Pacquiao backs Philippines pickleball league with eight franchises, 5 million purse
Pacquiao is putting eight franchises and at least 5 million behind Philippine pickleball, a sign the sport is moving from clinics to a real pro business.

Manny Pacquiao is putting his name behind a pickleball project with the kind of prize money and structure that can change a sport’s business case. The Maharlika Pilipinas Pickleball Tour will launch as a team-based league with eight franchises, a purse of at least 5 million and sanctioning from the Games and Amusements Board, giving it a more formal frame than the exhibition and open-play events that have powered pickleball’s rise in the Philippines.
That matters because MPPT is not being built as a one-city novelty. The league is expected to stretch across Metro Manila, Luzon, the Visayas and Mindanao, which gives it regional reach and the chance to build rivalries fans can follow by franchise, not just by individual bracket. Three teams had already confirmed participation, an early sign that the idea has moved beyond branding and into actual inventory for players, sponsors and broadcast partners to sell.
For Philippine pickleball, the timing is hard to miss. The Philippine Pickleball Federation says the sport’s first known clinic in the country was held in Cebu in February 2016, when Sara Ash arrived with a portable net, paddles and balls. The federation also says there were no pickleball clubs in the Philippines that year. Today, it says, the game is played daily by thousands of Filipinos nationwide. The Philippine Pickleball Sports Association was established on April 15, 2019, and the federation celebrated its sixth anniversary on April 27, 2025 with guests including Steve Kuhn, founder of Major League Pickleball and DUPR, and Jan Papi of Pickleball Global.

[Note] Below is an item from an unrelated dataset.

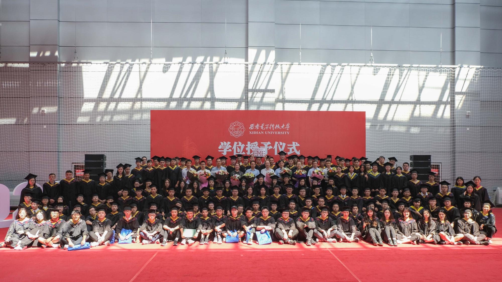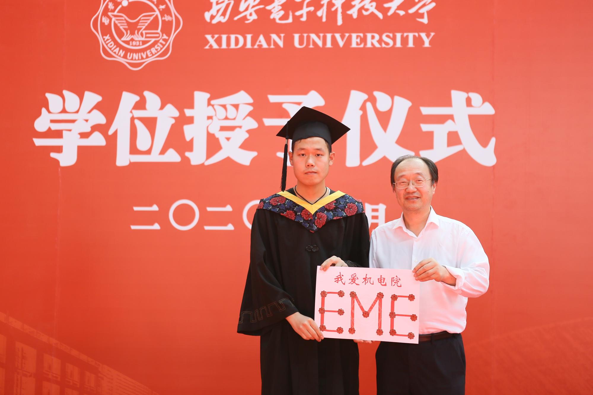 根据上午2020级本科毕业生座谈会李智强同学提出的想留一枚代表学校的校徽,来纪念自己在西电的四年学习生涯,木瓜视频决定为大家每人准备一个校徽纪念品,同时对于同学们想常回母校表示热烈欢迎,并鼓励同学自己设计毕业纪念品。授位仪式上梁玮代表木瓜视频,将李智强同学设计的带有机电院英文简写EME和“我爱机电院”的校徽赠于学生代表,希望同学们以后有机会常回家看看。

That arc from clinic to commercial league is exactly why Pacquiao’s backing matters. He is not just lending celebrity to a growing sport. He is helping package it as a repeatable property, the kind that can support player earnings, attract sponsor money and eventually create media-rights value. A league with franchises and a real purse gives pickleball something one-off tournaments cannot: a season, a brand identity and stakes that can be measured from month to month.
The sport is already showing signs that the market is there. The PlanOut Pickleball Open in Dumaguete City on May 1-3 was described as the biggest pickleball tournament in the Philippines to date, with a P1 million prize pool and a celebrity exhibition game. MPPT would enter a scene that is already testing bigger events and bigger checks.

Pacquiao has done this before. He founded the Maharlika Pilipinas Basketball League in 2017 as a regional competition, and it grew into a major pro circuit. If MPPT follows even part of that path, Philippine pickleball will have crossed from fast-growing participation sport to serious business, with the country suddenly in position to matter in Asia for more than just how quickly the game spread.